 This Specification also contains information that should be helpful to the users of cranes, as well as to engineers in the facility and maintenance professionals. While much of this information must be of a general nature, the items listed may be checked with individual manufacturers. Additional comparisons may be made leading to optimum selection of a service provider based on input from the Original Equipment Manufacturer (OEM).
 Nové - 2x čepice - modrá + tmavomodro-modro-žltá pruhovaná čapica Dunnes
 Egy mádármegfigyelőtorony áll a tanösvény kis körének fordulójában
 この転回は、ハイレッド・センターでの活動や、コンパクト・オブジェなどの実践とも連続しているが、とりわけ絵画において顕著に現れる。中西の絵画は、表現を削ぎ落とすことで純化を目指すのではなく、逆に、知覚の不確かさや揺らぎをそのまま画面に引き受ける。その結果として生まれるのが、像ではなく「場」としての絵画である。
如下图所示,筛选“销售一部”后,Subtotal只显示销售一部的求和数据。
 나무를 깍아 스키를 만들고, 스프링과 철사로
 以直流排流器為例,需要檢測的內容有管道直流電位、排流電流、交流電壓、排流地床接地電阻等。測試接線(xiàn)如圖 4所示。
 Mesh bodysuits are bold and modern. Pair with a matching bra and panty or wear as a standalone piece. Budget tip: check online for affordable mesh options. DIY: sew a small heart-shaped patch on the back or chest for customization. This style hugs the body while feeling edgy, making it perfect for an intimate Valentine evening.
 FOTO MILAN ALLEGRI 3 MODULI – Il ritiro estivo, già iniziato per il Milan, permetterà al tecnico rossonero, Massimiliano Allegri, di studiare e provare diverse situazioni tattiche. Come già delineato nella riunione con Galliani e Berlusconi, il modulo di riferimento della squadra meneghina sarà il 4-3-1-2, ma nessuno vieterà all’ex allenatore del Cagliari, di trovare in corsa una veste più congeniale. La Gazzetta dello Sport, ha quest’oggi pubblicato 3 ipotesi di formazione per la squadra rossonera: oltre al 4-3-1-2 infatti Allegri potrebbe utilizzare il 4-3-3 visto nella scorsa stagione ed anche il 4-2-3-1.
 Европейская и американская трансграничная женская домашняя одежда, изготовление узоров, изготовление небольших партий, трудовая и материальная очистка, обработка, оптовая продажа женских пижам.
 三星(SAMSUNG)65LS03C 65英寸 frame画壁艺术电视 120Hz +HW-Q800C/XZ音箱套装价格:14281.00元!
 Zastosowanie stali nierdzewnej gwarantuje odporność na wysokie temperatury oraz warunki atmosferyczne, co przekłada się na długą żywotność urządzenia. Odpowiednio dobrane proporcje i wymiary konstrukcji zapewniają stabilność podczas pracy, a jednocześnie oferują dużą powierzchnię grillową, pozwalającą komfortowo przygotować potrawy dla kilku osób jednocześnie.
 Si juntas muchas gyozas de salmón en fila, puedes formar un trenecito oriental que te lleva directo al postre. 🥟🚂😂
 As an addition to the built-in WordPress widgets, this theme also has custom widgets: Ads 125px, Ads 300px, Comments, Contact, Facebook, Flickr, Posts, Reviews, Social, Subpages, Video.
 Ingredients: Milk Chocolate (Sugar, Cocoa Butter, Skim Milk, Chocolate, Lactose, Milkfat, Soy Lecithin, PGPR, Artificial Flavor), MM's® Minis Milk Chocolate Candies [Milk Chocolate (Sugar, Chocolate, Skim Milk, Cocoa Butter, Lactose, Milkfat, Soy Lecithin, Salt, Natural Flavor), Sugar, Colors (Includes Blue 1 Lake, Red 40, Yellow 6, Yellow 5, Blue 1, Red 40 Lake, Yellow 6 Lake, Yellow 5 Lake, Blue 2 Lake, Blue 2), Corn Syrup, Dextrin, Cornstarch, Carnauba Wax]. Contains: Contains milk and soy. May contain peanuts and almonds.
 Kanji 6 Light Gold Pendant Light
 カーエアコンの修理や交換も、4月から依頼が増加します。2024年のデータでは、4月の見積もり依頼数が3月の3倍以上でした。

━━━━━━━━━━━━━━━━

> Assigned task
The answer must consist of every line from the data that contains the word "also".

> Final answer
 This Specification also contains information that should be helpful to the users of cranes, as well as to engineers in the facility and maintenance professionals. While much of this information must be of a general nature, the items listed may be checked with individual manufacturers. Additional comparisons may be made leading to optimum selection of a service provider based on input from the Original Equipment Manufacturer (OEM).
 As an addition to the built-in WordPress widgets, this theme also has custom widgets: Ads 125px, Ads 300px, Comments, Contact, Facebook, Flickr, Posts, Reviews, Social, Subpages, Video.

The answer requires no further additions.